Look below for the line that contains "4、對著服務(wù)器,點(diǎn)擊鼠標(biāo)右鍵,選擇里面的屬性", then quote it and all the lines after it, exactly, with the pictures left out.

> **STORED DATA**
=== Begin Enclosure ===

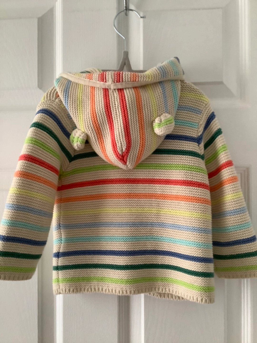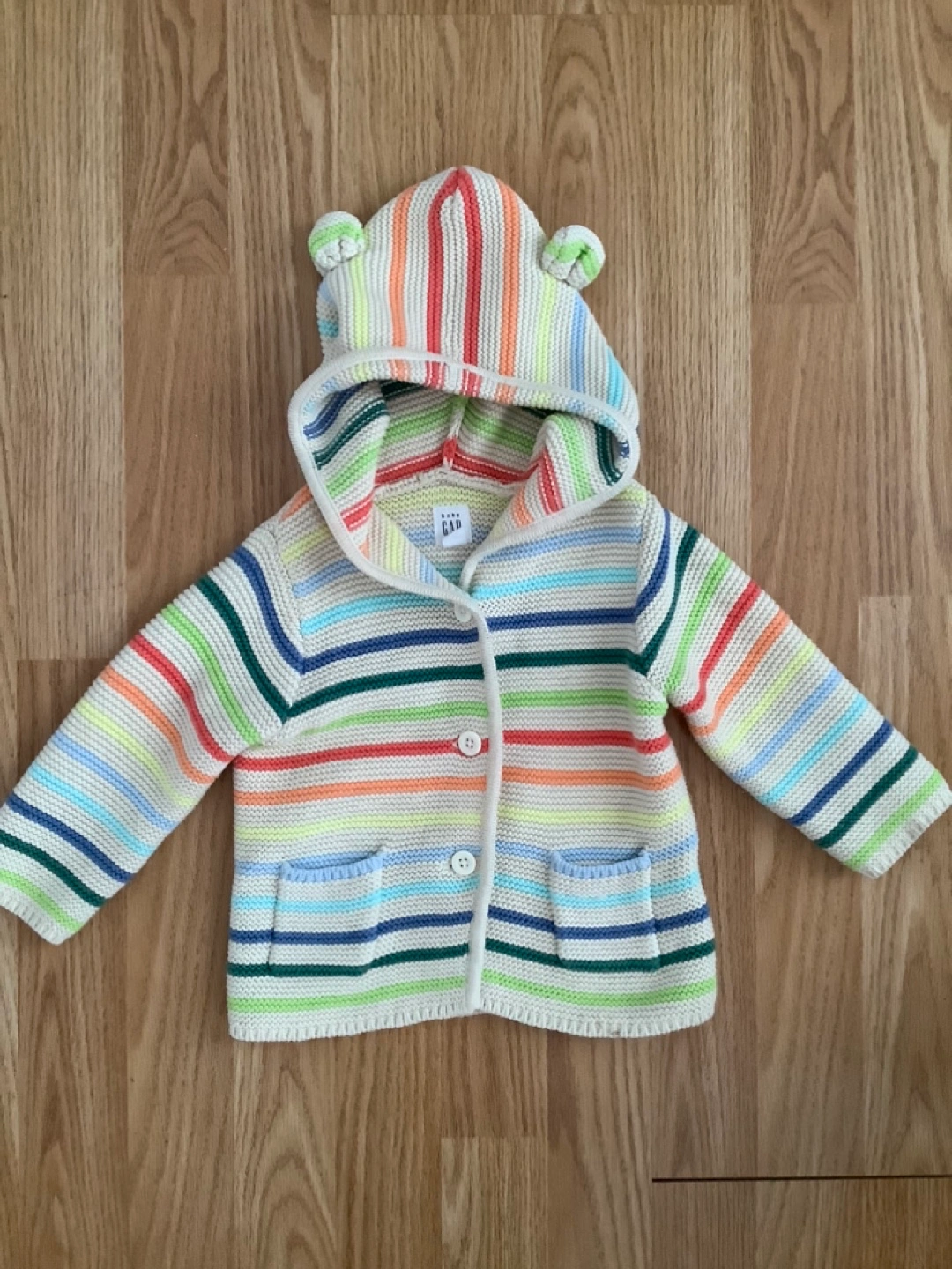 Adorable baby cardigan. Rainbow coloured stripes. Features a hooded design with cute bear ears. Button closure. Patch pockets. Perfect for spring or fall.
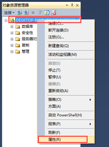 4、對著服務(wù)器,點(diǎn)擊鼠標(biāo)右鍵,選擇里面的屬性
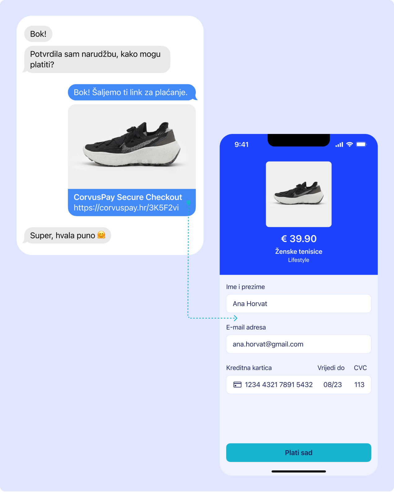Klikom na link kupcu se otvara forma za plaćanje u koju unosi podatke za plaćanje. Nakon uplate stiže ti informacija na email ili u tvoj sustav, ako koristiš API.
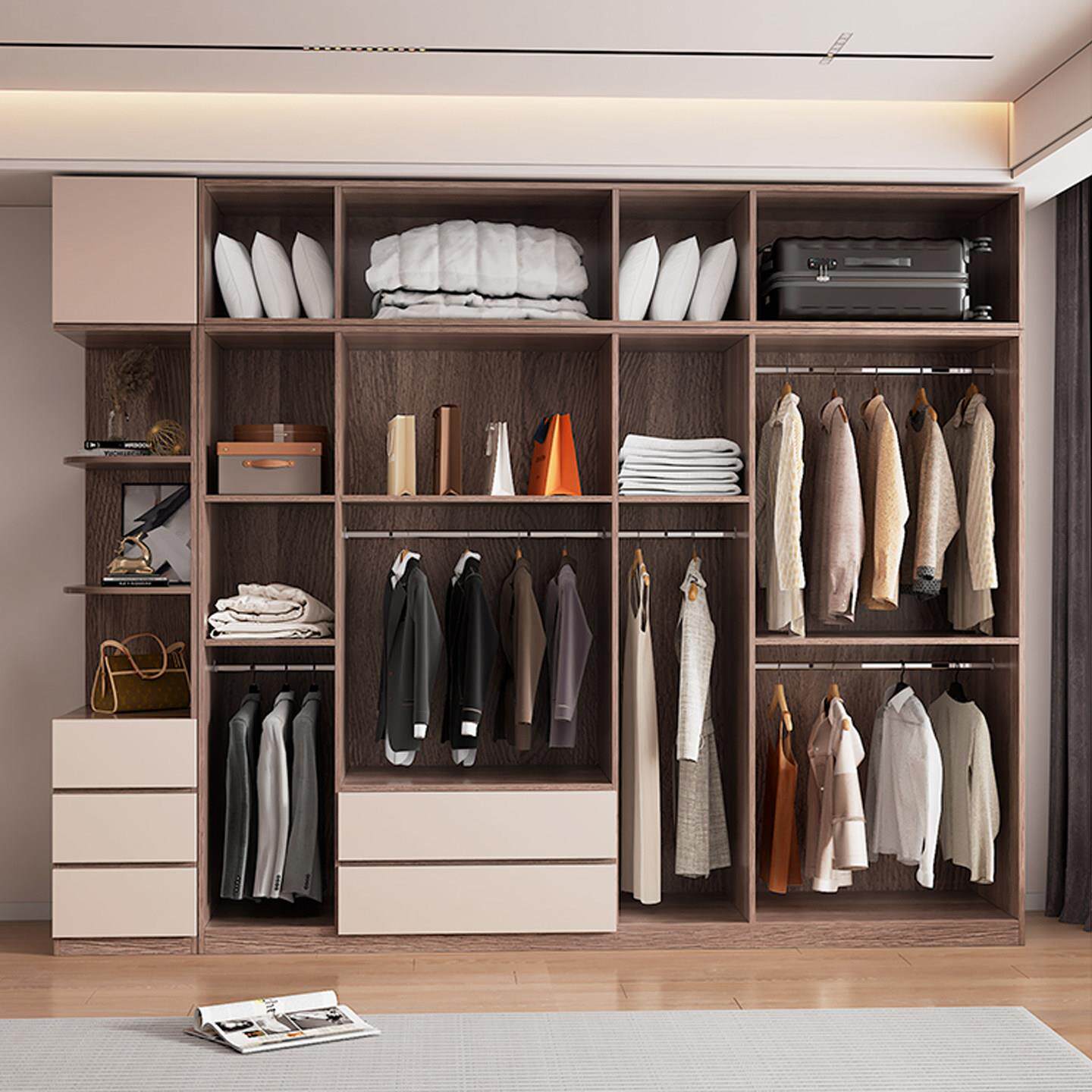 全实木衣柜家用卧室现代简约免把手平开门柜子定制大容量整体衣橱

=== End Enclosure ===

> **WRITTEN RESPONSE**
 4、對著服務(wù)器,點(diǎn)擊鼠標(biāo)右鍵,選擇里面的屬性
Klikom na link kupcu se otvara forma za plaćanje u koju unosi podatke za plaćanje. Nakon uplate stiže ti informacija na email ili u tvoj sustav, ako koristiš API.
 全实木衣柜家用卧室现代简约免把手平开门柜子定制大容量整体衣橱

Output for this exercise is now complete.